### What you should do
Set down, exactly and with nothing added, the lines running from the one that holds "白土はクリアガラスに映える陶" to the final line of the records. Pictures stay out of the copy.

### Excerpted records

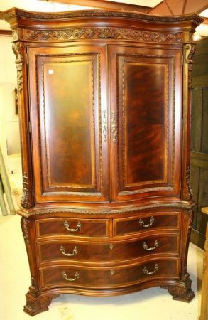 Heavily carved, four door entertainment center. Top section has two ornately carved doors; 54" w., 25" d., 84" h. Heavily carved, four door entertainment center. Top section has two ornately carved doors; 54" w., 25" d., 84" h.
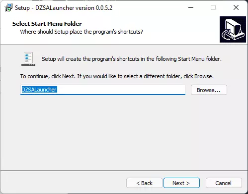 第四步 - 接下来会要求你选择一个开始菜单文件夹。你只需保留默认选项即可,通常为DZSALauncher。
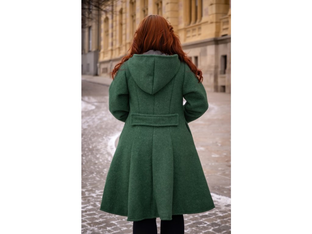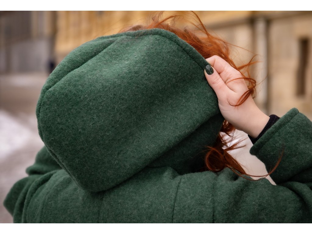 Kabát z vařené vlny s kapucí, zahřeje v chladných měsících aniž by schoval postavu.
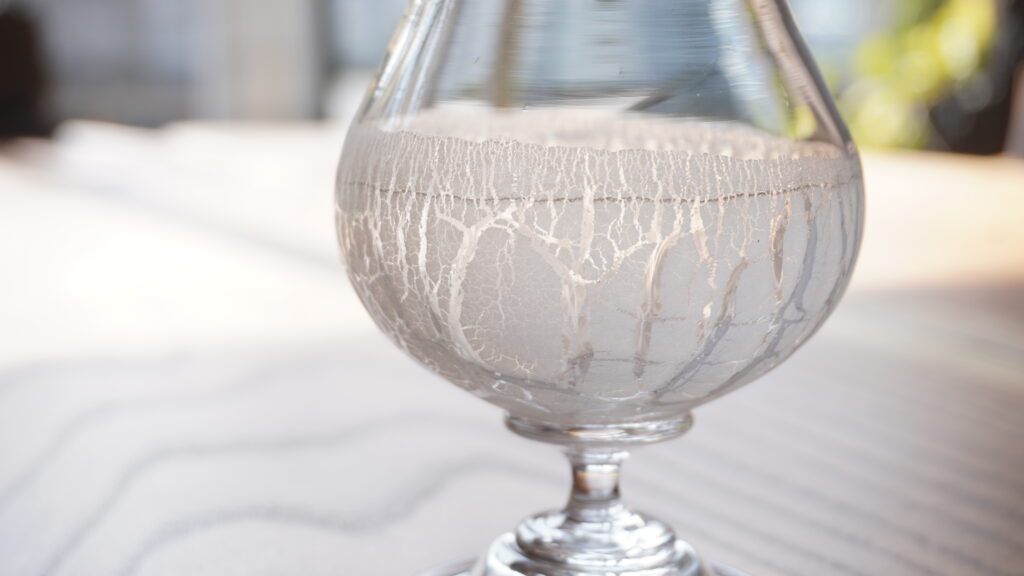 白土はクリアガラスに映える陶土が生み出す白い模様が繊細なレースのような美しさです。
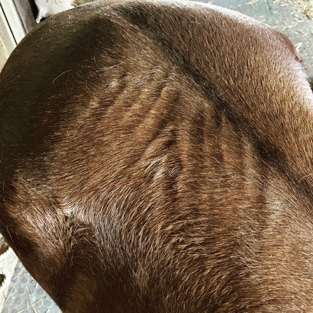 Gibt es Anzeichen für eine verkürzte Muskulatur im Rücken oder sind die Muskeln beidseitig gut und gleichmäßig ausgeprägt? Durch eine einseitig verkürzte Muskulatur kann es dazu führen, dass sich das Pferd auf einer Seite schlechter stellen und biegen lässt.

### Worked solution
 白土はクリアガラスに映える陶土が生み出す白い模様が繊細なレースのような美しさです。
 Gibt es Anzeichen für eine verkürzte Muskulatur im Rücken oder sind die Muskeln beidseitig gut und gleichmäßig ausgeprägt? Durch eine einseitig verkürzte Muskulatur kann es dazu führen, dass sich das Pferd auf einer Seite schlechter stellen und biegen lässt.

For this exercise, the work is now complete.